In this project, we describe our efforts towards the automatic detection of questions in speech. We analyze the utility of various features for this task, Spectrogram and Mel-frequency cepstral coefficients (MFCC). We have used IEEE corpus and self-prepared corpus of human-voice recorded audio files and trained the data on Recurrent Neural Networks (RNNs) and Convolutional Recurrent Neural Networks (CRNNs) and compared their performances. Our system, provides state-of-the-art results on the clean corpus and in noisy environments as well.
Dialogue Act Recognition is a challenging problem in dialogue interpretation which aims to attach semantic labels to utterance and characterize the speaker’s intention.
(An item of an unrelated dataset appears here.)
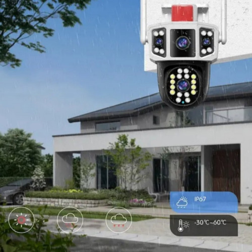 Камера наблюдения JE-2203 представляет собой передовое устройство для видеонаблюдения, оснащенное двумя камерами с разрешением 3 мегапикселя каждая. Она поддерживает беспроводное соединение с сетью WiFi, что позволяет передавать видео на смартфон или компьютер через приложение YOOSEE App. Камера обеспечивает поворот на 360° и наклон на 90°.

The most frequent DA types are are statements and opinions, questions, back-channels. Our project focuses on detecting questions in the speech. Automatic Speech recognition is the versatile field of Computational Linguistics that develops methodologies and technologies that enables the recognition and translation of spoken language into text by computers. The system analyses the person’s specific voice and and use it to detect the person’s speech with better accuracy. Questions in human dialogues is an important first step to automatically processing and understanding the natural speech. It can be viewed as a subtask of speech act or dialogue act tagging, which aims to label functions of utterances in conversations. The various types of questions are Yes-No, wh, Declarative, Rhetoric, echo, etc. It is useful for meeting indexing and summarization. Examples-
Yes-No: Have you looked at that?
Wh: What was the nature of the email?
Declarative: You are editing your slide?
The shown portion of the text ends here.